> [What the exercise asks]
Starting at the line that contains "French and Indian", write out every line through the last one in the records below, word for word. Leave out any pictures.
[[ Study material open ]]
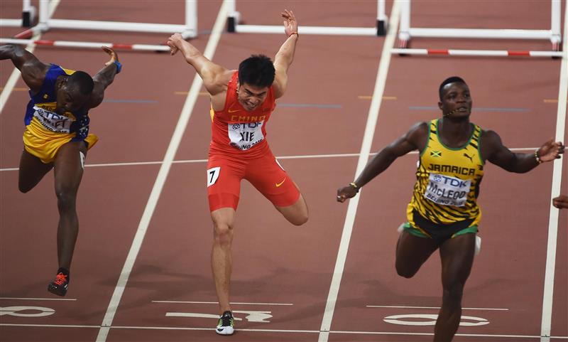 2015年8月27日,在北京国家体育场“鸟巢”进行的2015年国际田联世界田径锦标赛男子110米栏半决赛中,中国选手谢文骏以13秒39完赛,无缘决赛。\n 新华社记者王昊飞摄
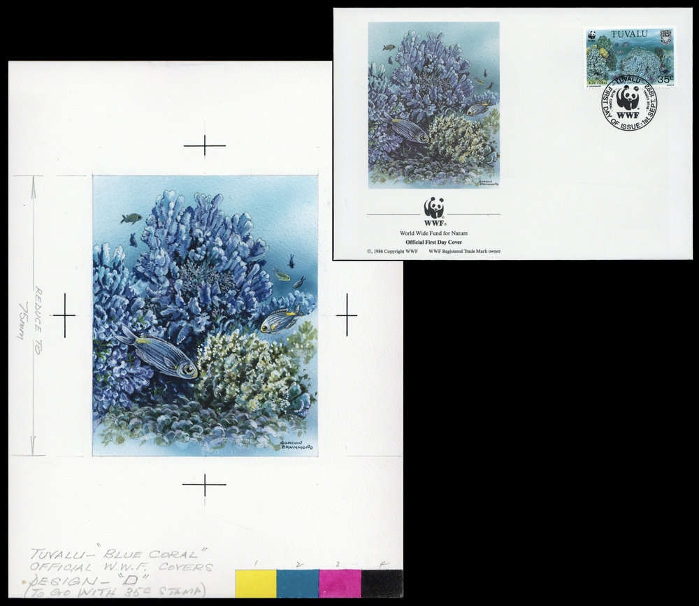 1992, Original von Hand gemaltes Kunstwerk "Blaukoralle" in Farbe für den offiziellen WWF Ersttagsbriefumschlag "Blaukoralle" (Heliopora coerulea) aus Tuvalu mit der Wertstufe zu 35 C. auf Karton in der Gesamtgröße 178x242 mm von dem Künstler Gordon Drummond/Großbritannien, der auch die Originalmarken der WWF Ausgabe entworfen hat!
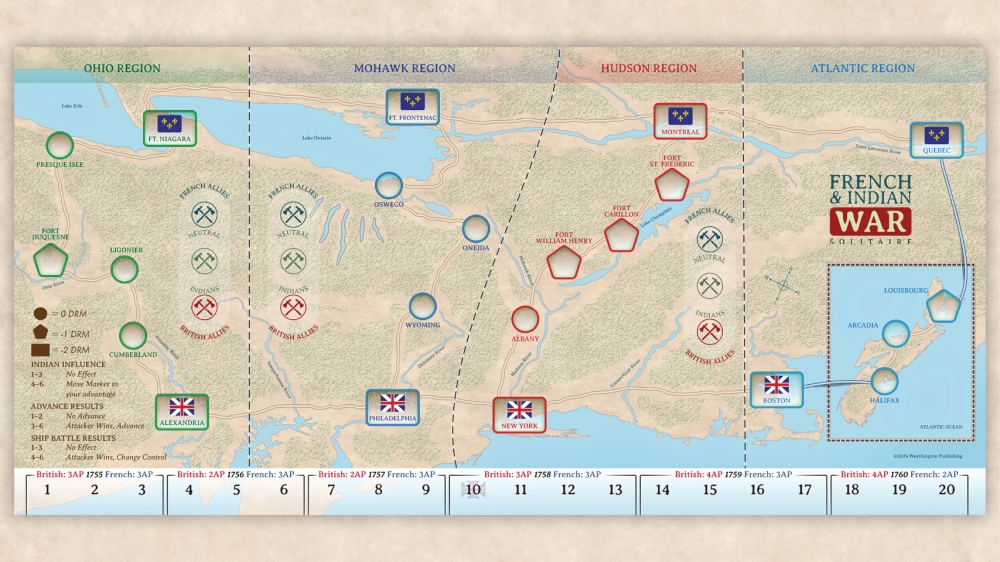 French and Indian War Solitaire, le frère de War of 1812 Solitaire, permet au joueur de commander le camp français ou britannique dans la guerre qui décide du sort de l'Amérique du Nord.
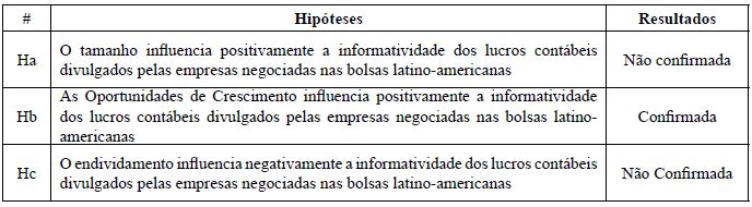 De forma conclusiva, analisando o conjunto de evidências levantadas sobre todos os resultados gerados, tanto pela amostra de trabalho, quanto pelas sub-amostras, pode-se estabelecer que, entre as variáveis estudadas, somente a variável oportunidades de crescimento, representada pelo índice market-to-book, exerceu influência sobre a informtividade dos lucros contábeis divulgados pelas empresas negociadas nos principais mercados acionários da Argentina, Brasil, Chile, México e Peru durante o período analisado, de 2005 a 2008.
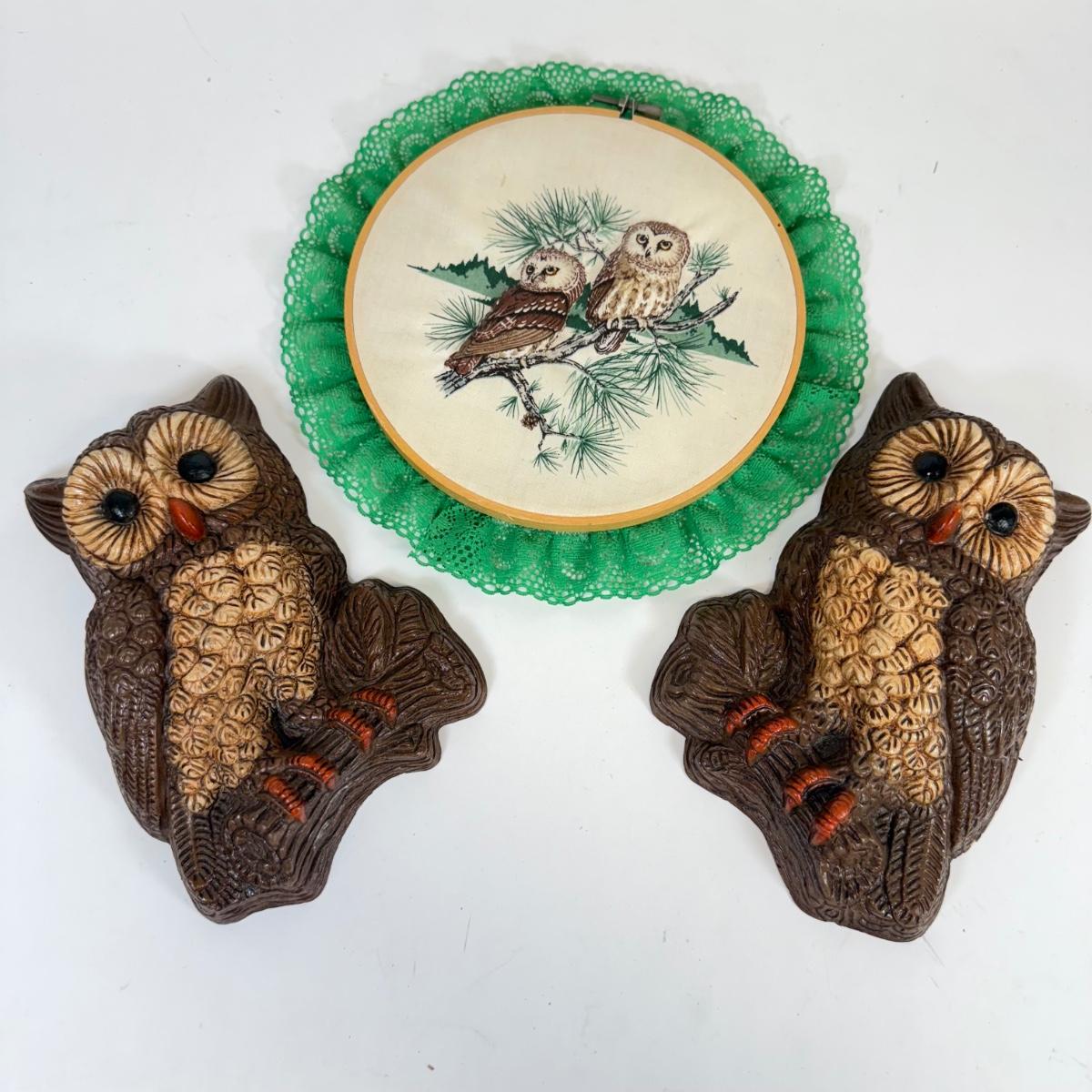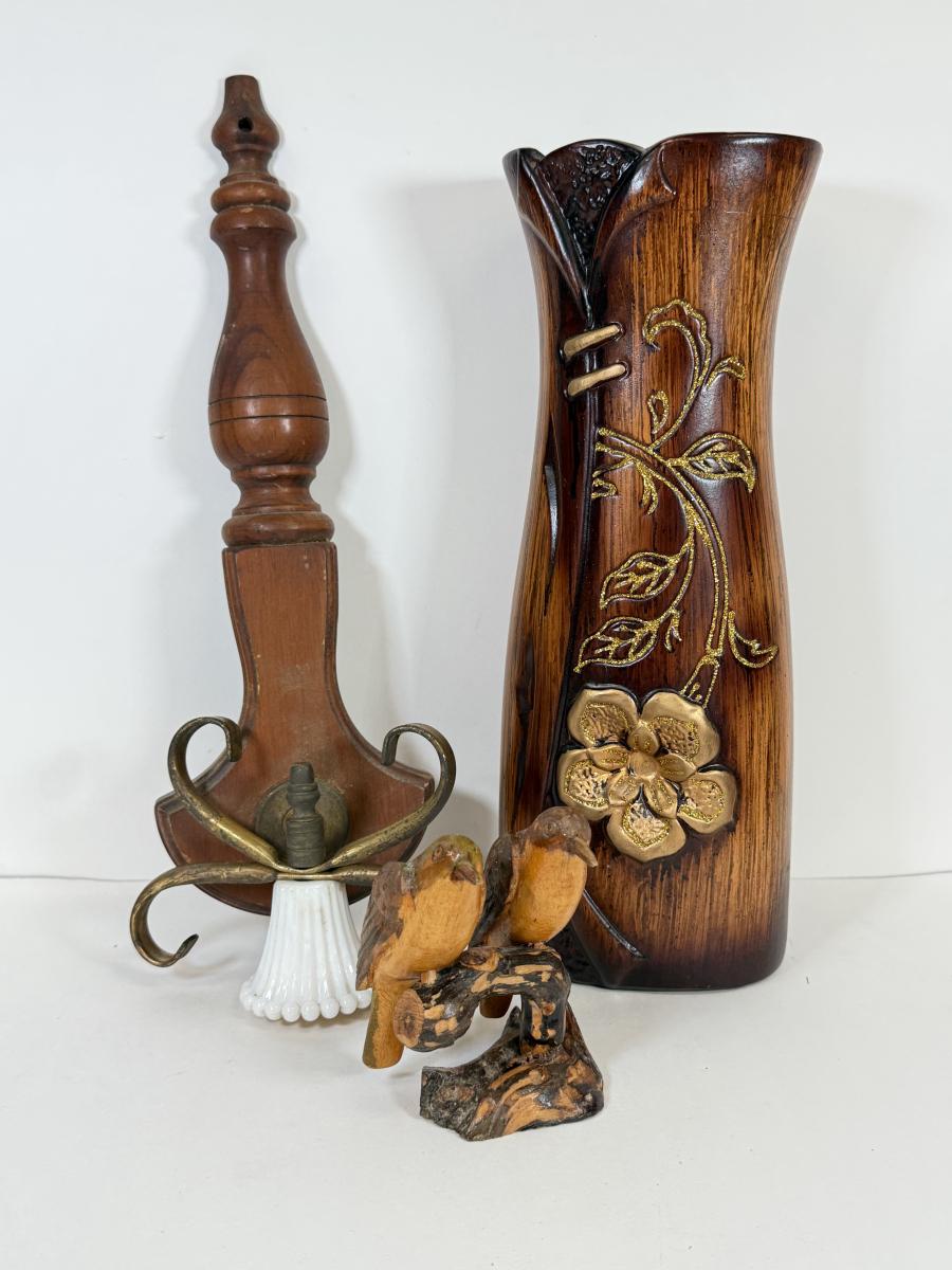 LOT 65: Vintage Paperboard Owl Wall Hangings, Large Plastic Leaf Wall Decor, Wood Floral Vase & More
[[ Study material closed ]]
> [Response to the exercise]
 French and Indian War Solitaire, le frère de War of 1812 Solitaire, permet au joueur de commander le camp français ou britannique dans la guerre qui décide du sort de l'Amérique du Nord.
 De forma conclusiva, analisando o conjunto de evidências levantadas sobre todos os resultados gerados, tanto pela amostra de trabalho, quanto pelas sub-amostras, pode-se estabelecer que, entre as variáveis estudadas, somente a variável oportunidades de crescimento, representada pelo índice market-to-book, exerceu influência sobre a informtividade dos lucros contábeis divulgados pelas empresas negociadas nos principais mercados acionários da Argentina, Brasil, Chile, México e Peru durante o período analisado, de 2005 a 2008.
 LOT 65: Vintage Paperboard Owl Wall Hangings, Large Plastic Leaf Wall Decor, Wood Floral Vase & More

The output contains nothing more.